> Exercise objective:
Your copy should begin at the line containing "SUBLIMELY GOLDEN Wire" and end at the last line of the records; transcribe those lines exactly and leave out every picture.
----------------------------------------
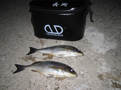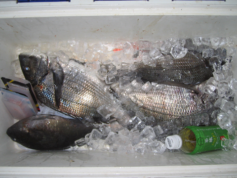 二日目は夜母瀬来でそれぞれチヌ良型数枚釣り上げました。
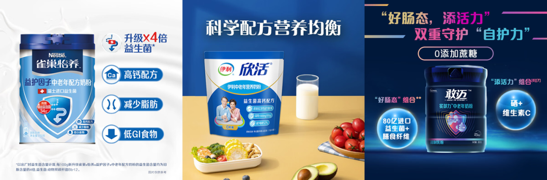 在主流的营养保健方向,则呈现出更加专业化的趋势,很多全球企业专门设立中老年相关的事业部或推出新品牌。雀巢成立了专注银发人群的品牌怡养,伊利推出了中老年奶粉品牌欣活,达能推出中老年营养食品品牌敢迈。
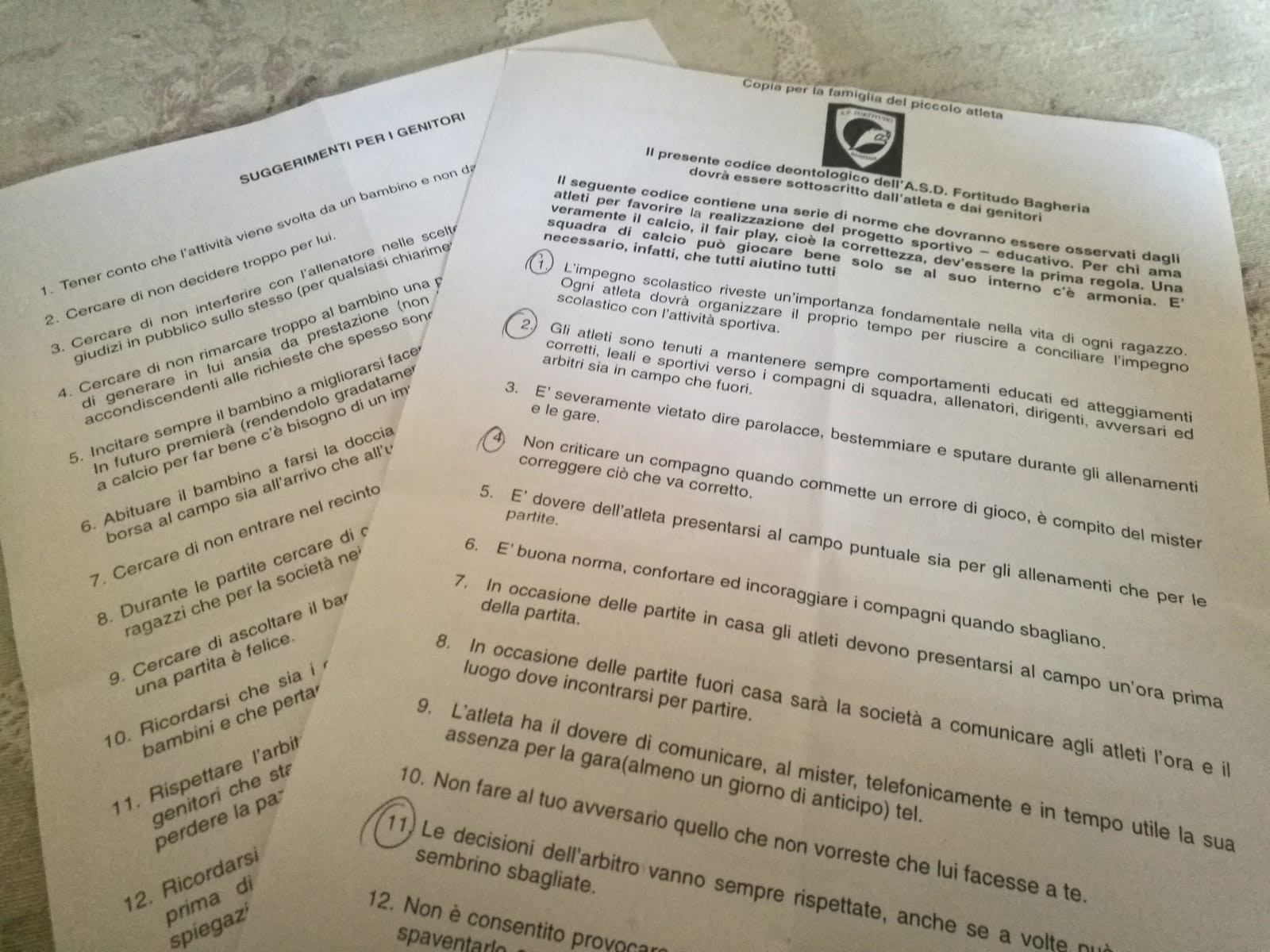 Un codice deontologico per un uomo ed un giocatore…migliore. L’idea arriva dalla Sicilia, da Bagheria a poco più di 15 km da Palermo. “Per chi ama veramente il calcio, il fair play, cioè la correttezza, deve essere la prima regola” si legge nel codice introdotto dalla Fortitudo Bagheria, una delle scuole calcio della città che ha deciso di lanciare un “calcio 2.0” attraverso delle regole che, nonostante spesso dovrebbero risultare tacite, messe nero su bianco hanno avuto un grande successo.
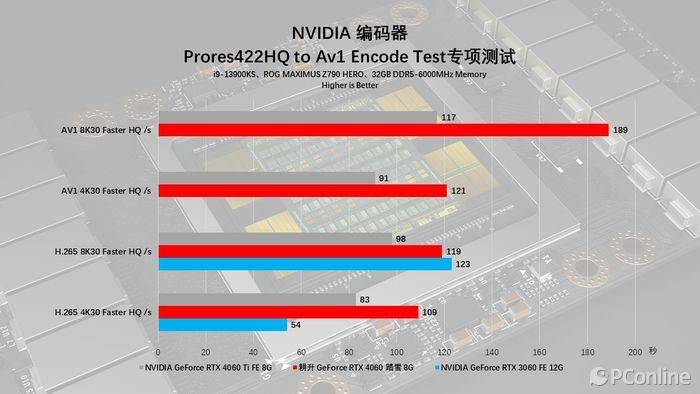 我们使用NVIDIA提供的8K片源与工程文件分别测试AV1格式和H.265格式下的编码时间。实测同一段素材下,同样使用H.265编码,有NVIDIA编码器的加持下,耕升RTX 4060踏雪的效率比RTX 3060要快一些,如果使用AV1编码,那RTX 3060就更没法比了,毕竟AV1的编解码目前还是RTX 40系的独门秘技。
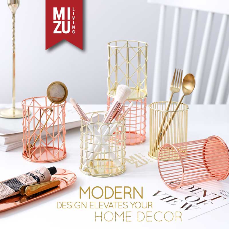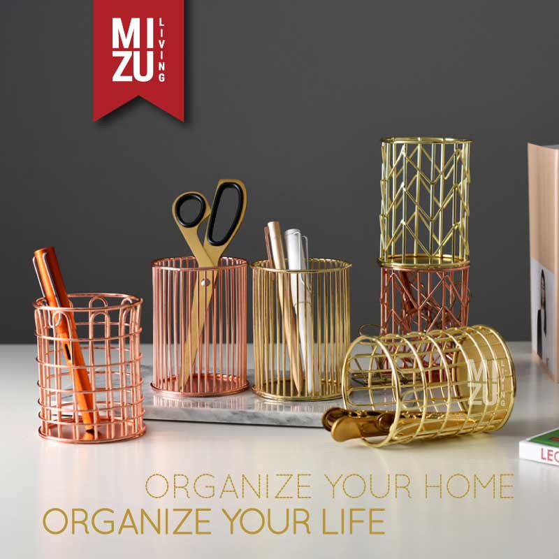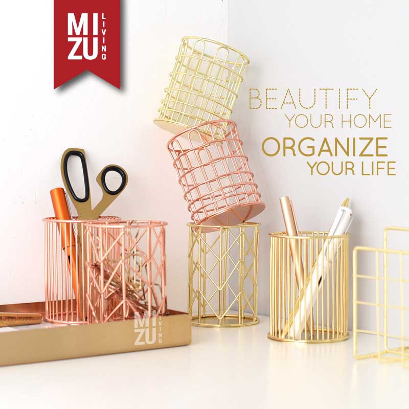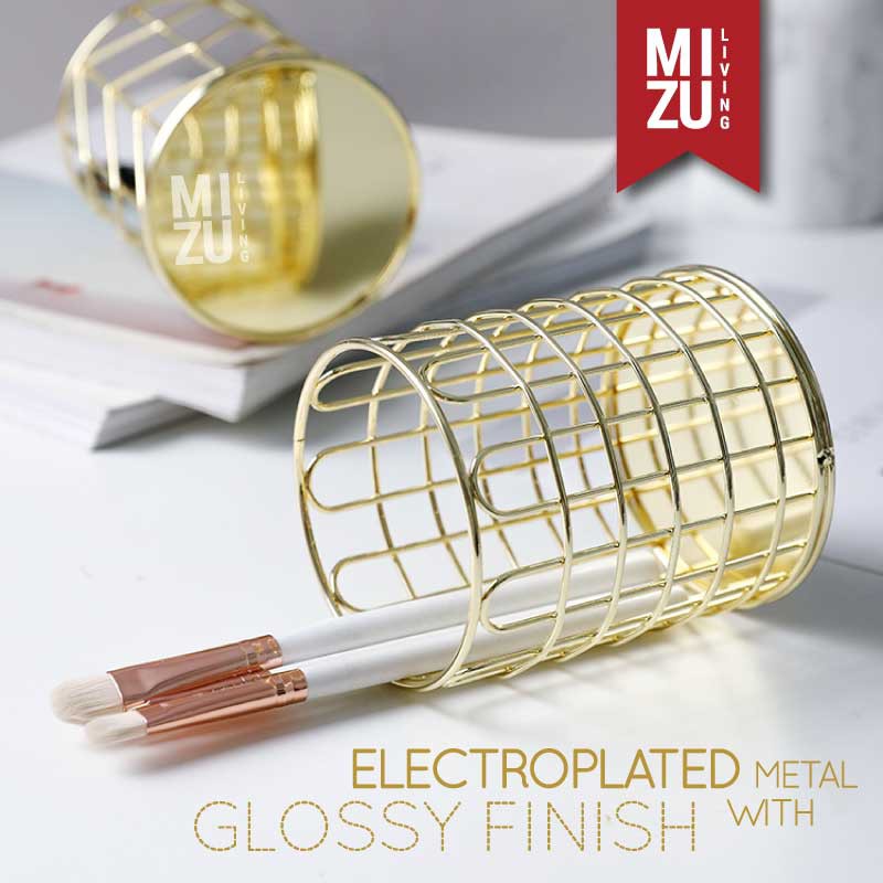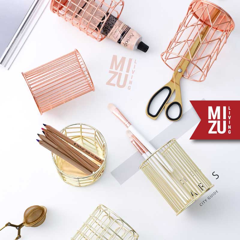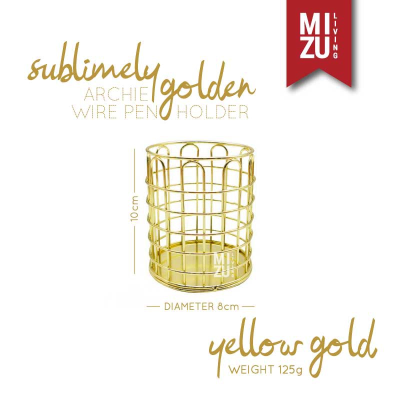 SUBLIMELY GOLDEN Wire Pen Holder Office Stationery Pencil Stand Tempat Alat Tulis ATK Serbaguna Emas
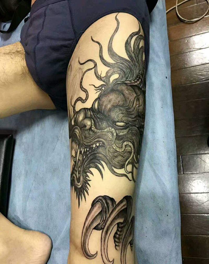 • T网红王老大花腿龙纹身图片_腿部新传统纹身图案
----------------------------------------
> Your response:
 SUBLIMELY GOLDEN Wire Pen Holder Office Stationery Pencil Stand Tempat Alat Tulis ATK Serbaguna Emas
 • T网红王老大花腿龙纹身图片_腿部新传统纹身图案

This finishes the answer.